Monday, May 08, 2017

The Warming Arctic Adding More CO2 And Methane


Think of it this way - permafrost, methane emissions; tundra, CO2 emissions. We've known for some time that melting permafrost in the Arctic is leading to the release of troubling volumes of the powerful greenhouse gas, methane. Now the focus is on the tundra and the release of the less-powerful but more persistent greenhouse gas, CO2, carbon dioxide.

A new study of Alaskan tundra reveals how CO2 release is accelerating due to the warmer Arctic climate. The tundra is now freezing later and thawing earlier.

Measurements of carbon dioxide levels taken from aircraft, satellites and on the ground show that the amount of CO2 emitted from Alaska’s frigid northern tundra increased by 70% between 1975 and 2015, in the period between October and December each year.

Researchers said warming temperatures and thawing soils were the likely cause of the increase in CO2 at a time of year when the upper layers of soil usually start freezing over as winter sets in.

In the Arctic summer, the upper level of soil, which sits above a vast sheet of permafrost that covers much of Alaska, thaws out and decomposing organic matter starts to produce CO2. From October, colder temperatures help freeze the soil again, locking up the CO2.

Alaska’s warming autumns and winters are altering this process. Whereas soils 40 years ago took about a month to completely freeze over, the process can now take three months or longer. In some places in the state, the soil is not freezing until January, particularly if there is a layer of insulating snow.

4 comments:

Toby said...

That stuff is really scary. One wonders what sort of plan the rich and powerful have to deal with it. I suspect they think in terms of cities in bubbles with climate controlled atmosphere or massive underground silos, even a base or two on the moon. One thing I'm sure of is that you and I are not included in their future.

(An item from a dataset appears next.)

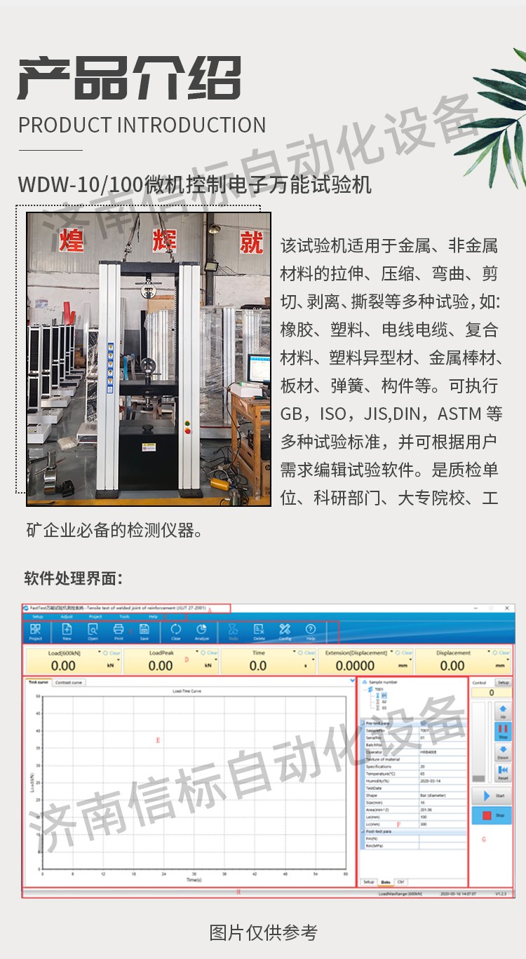 該試驗(yàn)機(jī)適用于金屬、非金屬材料的拉伸、壓縮、彎曲、剪切、剝離、撕裂等多種試驗(yàn),如:橡膠、塑料、電線電纜、復(fù)合材料、塑料異型材、金屬棒材、板材、彈簧、構(gòu)件等。可執(zhí)行GB,ISO,JIS,DIN,ASTM等多種試驗(yàn)標(biāo)準(zhǔn),并可根據(jù)用戶需求編輯試驗(yàn)軟件。是質(zhì)檢單位、科研部門(mén)、大專(zhuān)院校、工礦企業(yè)必備的檢測(cè)儀器。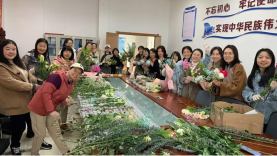3月8日上午,在公司C101党员活动室,分工会给每位老师准备了一盆可爱的小多肉当礼物,同时,老师们自主学习、巧手修剪、搭配花枝、交流技巧,拿出授课、做科研的专研精神,经过精巧的修饰与加工,在欢声笑语中将各色玫瑰、百合等普通的鲜花变成了令人赏心悦目的艺术品。大家手持自己的作品拍照留念,脸上洋溢着满满的幸福和成就感。

The Mound of Sound said...


Some time ago I suggested their approach is one of "just not yet." They tend to be reasonably well educated. They know what's happening even if only vaguely. I even expect they know that action will have to be taken at some point, only "just not quite yet." They're playing this to the margins although they're not being too scrupulous about where those margins are. What they're doing is ordained by the "because we can" mentality that, more than anything else, was responsible for bringing us to the existential edge in so many ways from greenhouse gas emissions and other forms of contamination, to resource exhaustion and depletion, to our disastrous levels of overpopulation.

You're about my age, Toby. When I was born the world stood at an all-time record population of about 2.5-billion humans. It took around 11,000+ years of civilization to first pass the 1 billion mark around 1814. A century and a bit later that had swelled by 2.5-fold. Since my birth we've swelled our numbers a further 3-fold to 7.5 billion. In other words, in the span of just two centuries in the now 12,000 years of human civilization we have increased our population by a factor of 7.5. And, especially during the post-war era we have compounded that 3-fold increase in raw numbers by a significant increase in our per-capita consumption. Integral to this was the planning assumption that growth would solve all our problems, something we've not been able to shake no matter how clear the evidence this is backfiring.

Cheap (but dirty) fossil fuel energy and raw sleight of hand (the Green Revolution for example) has allowed man to grow the economy far beyond the limits of the environment. That now stands at 1.7 and it's growing every year.

Let's value our natural reserves (freshwater, biomass, etc.) at $10,000. That's what we have in the bank. Now let's value the Earth's replenishment rate, its carrying capacity, at $1,000 and call that our monthly take home pay. Then we'll peg our consumption of resources at $1,700 and call that our monthly expenses. In other words you've got 10-grand in the bank, $1,000 a month in take home pay, and you're covering expenses of $1,700 a month. Your bank balance is being drained at $700 per month. That's the ecological catastrophe that's building now.

This isn't hypothetical. It's tangible, demonstrable, measurable. It's visible to the naked eye from the International Space Station. It takes many forms from dry lake beds and rivers that no longer run to the sea. It's evident in spreading deforestation and desertification, in dust clouds that rise over China and cross the Pacific to North America. It's visible in algae blooms in our rivers and lakes. NASA's Grace satellites measure the subsidence of drained aquifers to within a fraction of an inch.

Here on Earth we see the evidence in fish species over-fished to extinction as our commercial fleet fishes down the food chain. We see it in oceanic dead zones and in ocean acidification. We see it in species extinctions and in migrations. The evidence of our profligacy and indifference is everywhere and it's undeniable. And yet still we carry on with our bag of conjuring tricks looking for ever more next year. Think we're not a species gone mad?

Toby said...

Back about 1972 I attended a lecture on global warming at the Vancouver Planetarium. What has been happening since is pretty much as predicted. Solutions to the problems are much more difficult than changing our light bulbs or driving electric cars.

John's Aghast said...

Toby, back about the same time a fellow by the name of EF Schumacher wrote "Small is Beautiful" which addressed the same problems we're encountering now, some 45 years later. We have not learned a thing in 45 years! I worry that another 45 years will be too late.